Many of the songs from Cohen's second album would appear on 1973's Live Songs, a collection of performances from 1970 and 1972. Songs from a Room was released on CD in 1990. A digitally remastered version, including two bonus tracks produced by David Crosby, was released in February 2007.

Professional ratings
Review scores
| Source | Rating |
| AllMusic | Star |
| Pitchfork | 8.8/10 |
| Rolling Stone | negative |
| Rolling Stone | (2007) |
| Q | Star |
| Uncut | Star |

==Track listing==
All songs written by Leonard Cohen except as noted.

Side one
| No. | Title | Writer(s) | Length |
|---|---|---|---|
| 1. | "Bird on the Wire" |  | 3:25 |
| 2. | "Story Of Isaac" |  | 3:38 |
| 3. | "A Bunch Of Lonesome Heroes" |  | 3:15 |
| 4. | "The Partisan" | Hy Zaret, Anna Marly | 3:37 |
| 5. | "Seems So Long Ago, Nancy" |  | 3:39 |

Side two
| No. | Title | Length |
|---|---|---|
| 6. | "The Old Revolution" | 4:48 |
| 7. | "The Butcher" | 3:19 |
| 8. | "You Know Who I Am" | 3:28 |
| 9. | "Lady Midnight" | 2:50 |
| 10. | "Tonight Will Be Fine" | 3:55 |

2007 reissue bonus tracks
| No. | Title | Length |
|---|---|---|
| 11. | "Like A Bird (Bird On The Wire)" | 3:21 |
| 12. | "Nothing To One (You Know Who I Am)" | 2:18 |

==Personnel==
- Leonard Cohen – vocals, classical guitar, Jew's harp (2, 10)
- Ron Cornelius – acoustic and electric guitar
- Bubba Fowler – banjo, bass guitar, violin, acoustic guitar
- Charlie Daniels – bass guitar, violin, acoustic guitar
- uncredited – backing vocals in French (4)
- Technical
- Bob Johnston – production (original album), keyboards
- David Crosby – production (11–12), harmony vocals (12)
- Neil Wilburn – engineer

==Original songs and their covers==
"Bird on the Wire", described by Cohen as a simple country song, has been covered by many musicians including Jennifer Warnes (his one-time backup singer), The Neville Brothers, Joe Cocker, Willie Nelson, The Lilac Time, Esther Ofarim, Johnny Cash, Fairport Convention and subsequently their guitarist Richard Thompson.

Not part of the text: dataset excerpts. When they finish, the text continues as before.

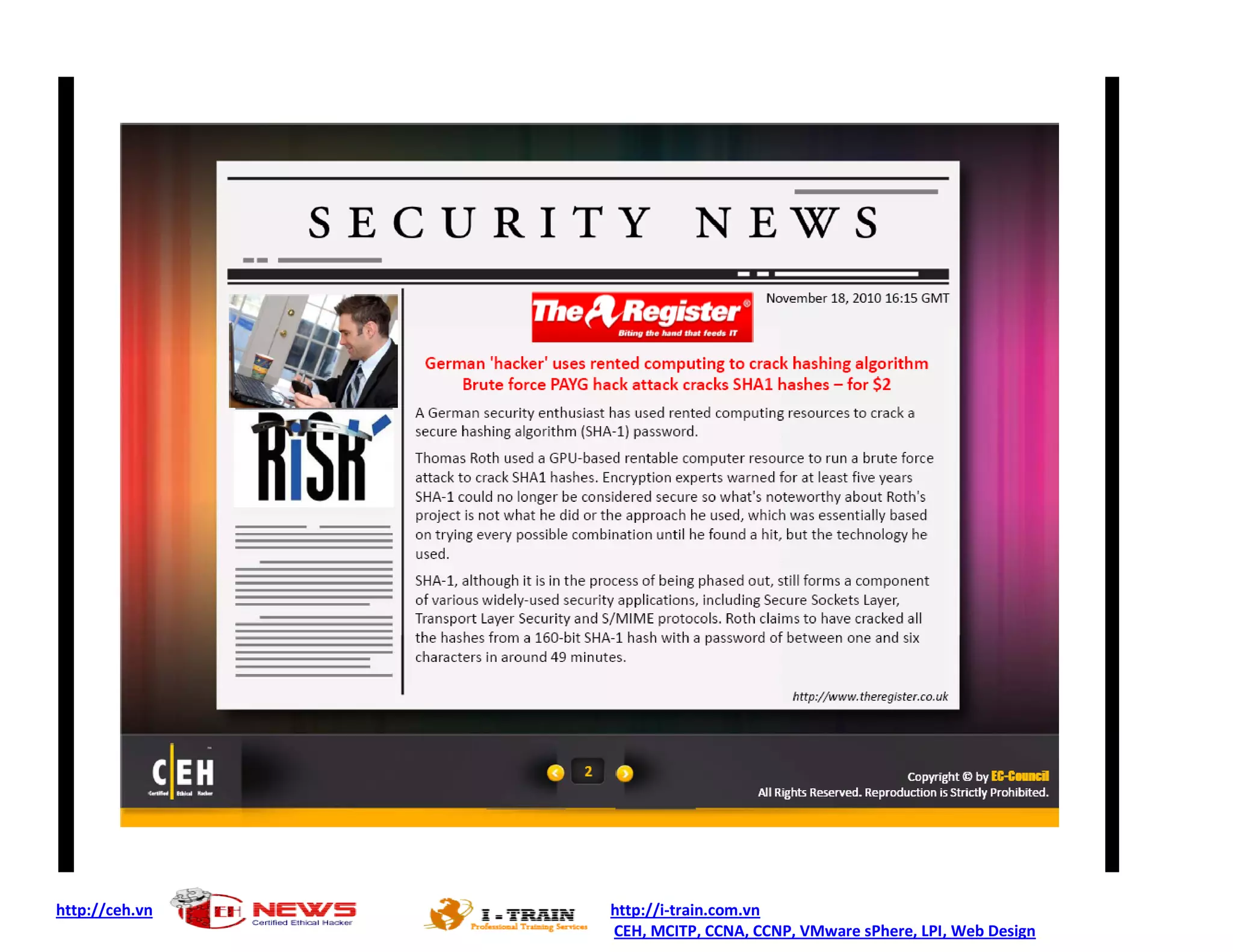 The document repeatedly lists two website URLs (http://ceh.vn and http://i-train.com.vn) and certifications for training including CEH, MCITP, CCNA, CCNP, VMware sPhere, LPI, and Web Design. It appears to be advertising training and certification courses available at the two listed websites.
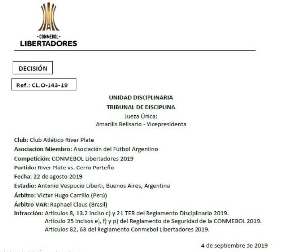 La Unidad Disciplinaria de la Conmebol le aplicó una multa y advertencia a River como consecuencia del uso de bengalas en el estadio Monumental. Los elementos pirotécnicos están terminantemente prohibidos por el máximo organismo del fútbol sudamericano e incluso es un hecho que Cerro Porteño también recibirá una fuerte sanción a raíz del excesivo volumen empleado el jueves pasado en La Olla.
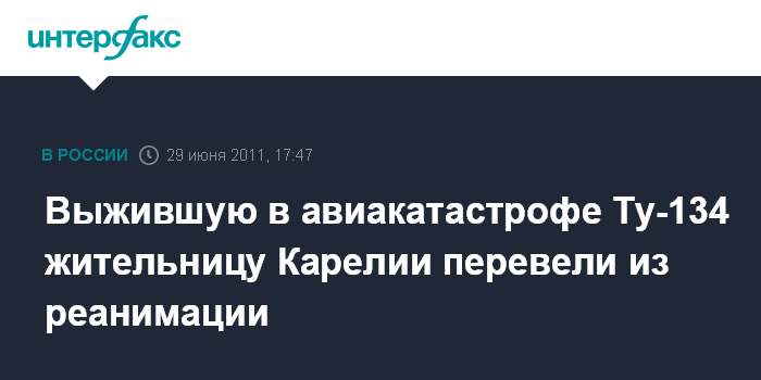 Выжившую в авиакатастрофе Ту-134 жительницу Карелии перевели из реанимации
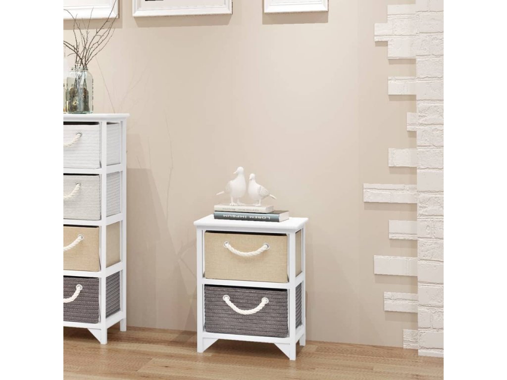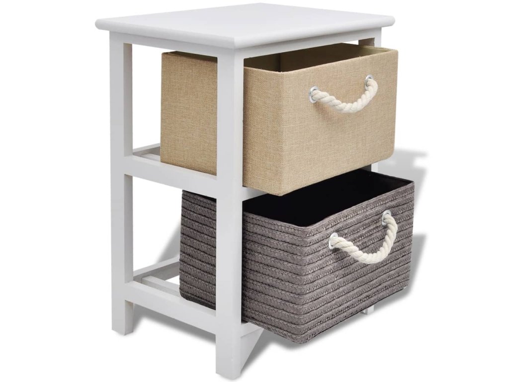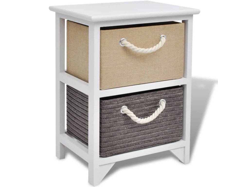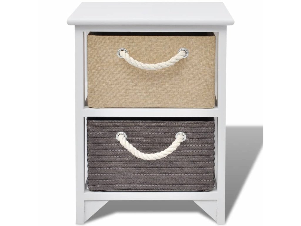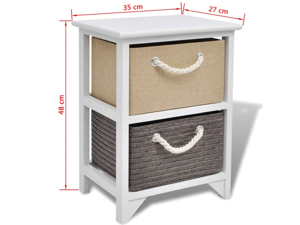 Tato skříňka má 2 zásuvky, které poskytují dostatek místa pro uspořádání menších předmětů na dosah. Zásuvky s provazovými úchytkami dodávají stolku venkovský styl.
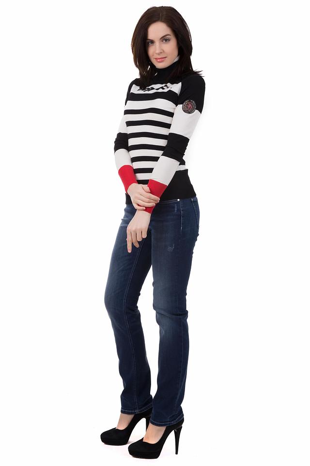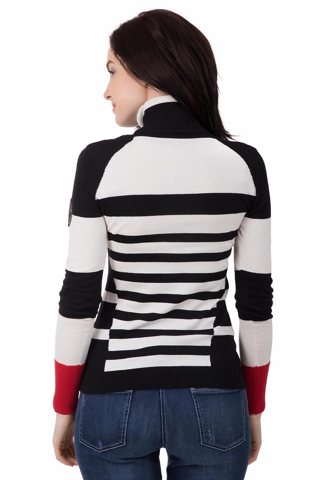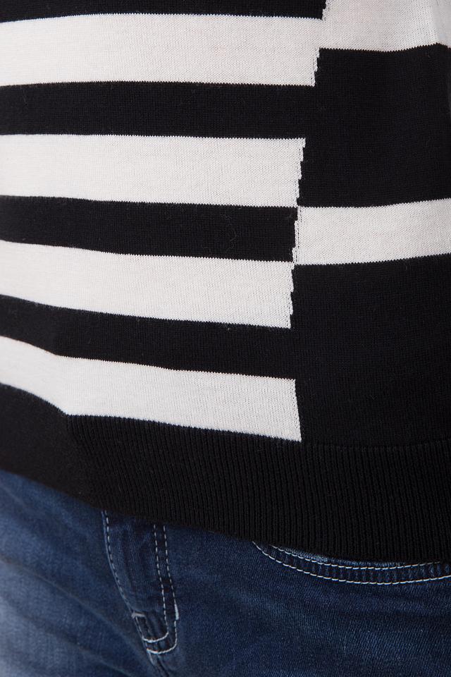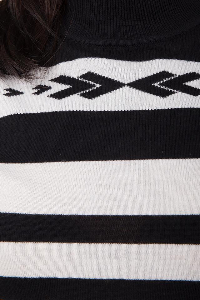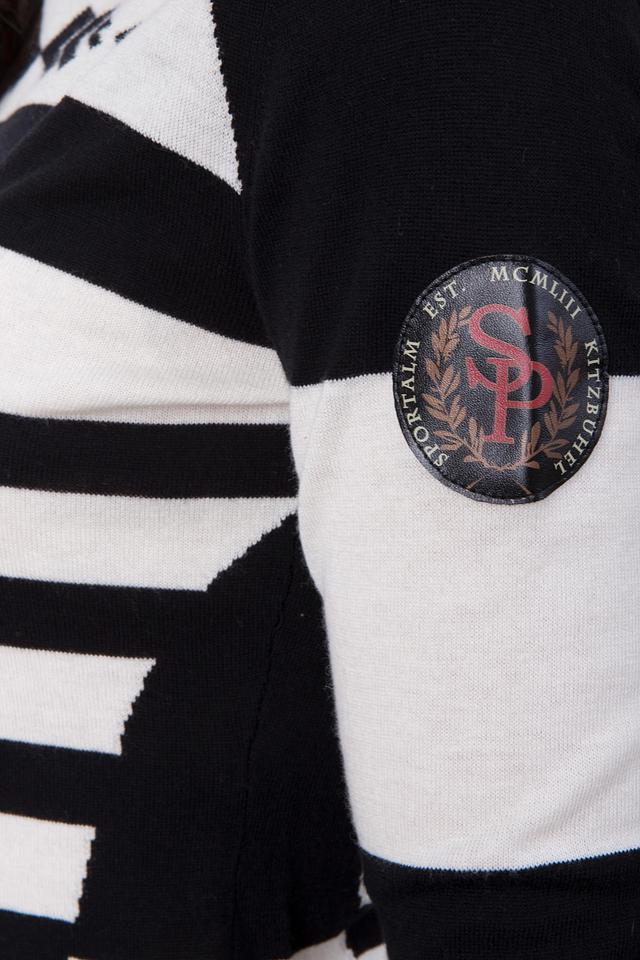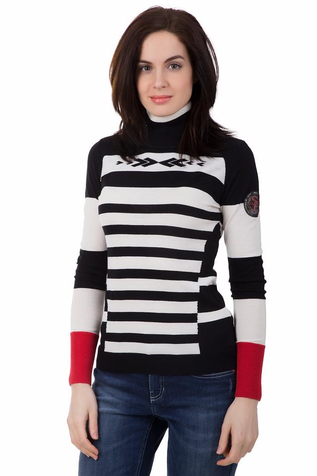 Женская водолазка Sportalm чёрно-белого цвета с полосатым узором и декоративной нашивкой. Модель выполнена из мягкого и приятного к телу трикотажа, сочетающего хлопок, модал и шерсть. Состав: хлопок 55%, модал 35%, шерсть 10%
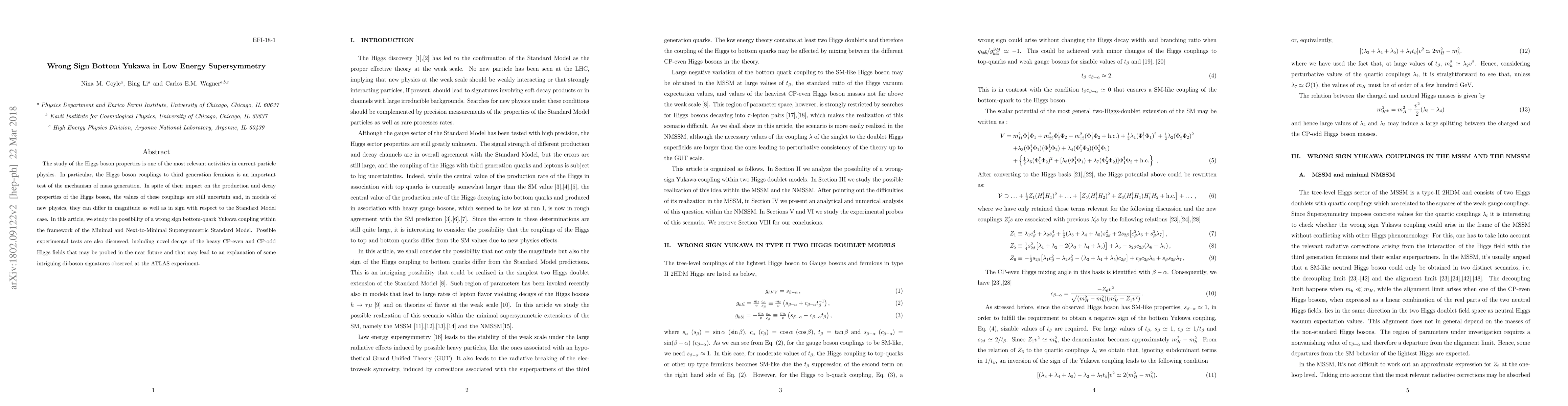 The study of the Higgs boson properties is one of the most relevant activities in current particle physics. In particular, the Higgs boson couplings to third generation fermions is an important test of the mechanism of mass generation. In spite of their impact on the production and decay properties of the Higgs boson, the values of these couplings are still uncertain and, in models of new physics, they can differ in magnitude as well as in sign with respect to the Standard Model case. In this article, we study the possibility of a wrong sign bottom-quark Yukawa coupling within the framework of the Minimal and Next-to-Minimal Supersymmetric Standard Model. Possible experimental tests are also discussed, including novel decays of the heavy CP-even and CP-odd Higgs fields that may be probed in the near future and that may lead to an explanation of some intriguing di-boson signatures observed at the ATLAS experiment.

"Story of Isaac", based on the Old Testament story of God's demand that Isaac be sacrificed by his father Abraham, has also been covered by a number of musicians including Judy Collins, Suzanne Vega, Linda Thompson, The Johnstons, Pain Teens, and Roy Buchanan.

"Seems So Long Ago, Nancy" has been translated into Italian by Fabrizio De André and included in his album Volume 8 (1975).

"You Know Who I Am" was covered by Mama Cass in her 1968 album Dream a Little Dream and by Esther Ofarim on the 1968 album Esther Ofarim.

==The Partisan==

"The Partisan" is Cohen's cover of the French song "La Complainte du partisan" by Emmanuel d'Astier and Anna Marly, which is about the French resistance during World War II.
The English translation was written by Hy Zaret. The rock journalist Alex Young notes, "[Cohen] is often incorrectly credited as the composer of the song – although he is certainly responsible for its survival." Young also notes that the English translation that Cohen recorded differs from the French in that it excludes the direct references that d'Astier and Marly made in the original lyrics to the occupation of France by Nazi Germany.

==Charts==

| Chart (1969) | Peak position |
|---|---|
| Dutch Albums (Album Top 100) | 12 |
| UK Albums (OCC) | 2 |
| US Billboard 200 | 63 |

| Chart (2016) | Peak position |
|---|---|
| Italian Albums (FIMI) | 91 |

==Certifications==

| Region | Certification | Certified units/sales |
| Canada (Music Canada) | Gold | 50,000^{^} |
| United Kingdom (BPI) 2009 release | Silver | 60,000^{‡} |
^{^} Shipments figures based on certification alone. ^{‡} Sales+streaming figures based on certification alone.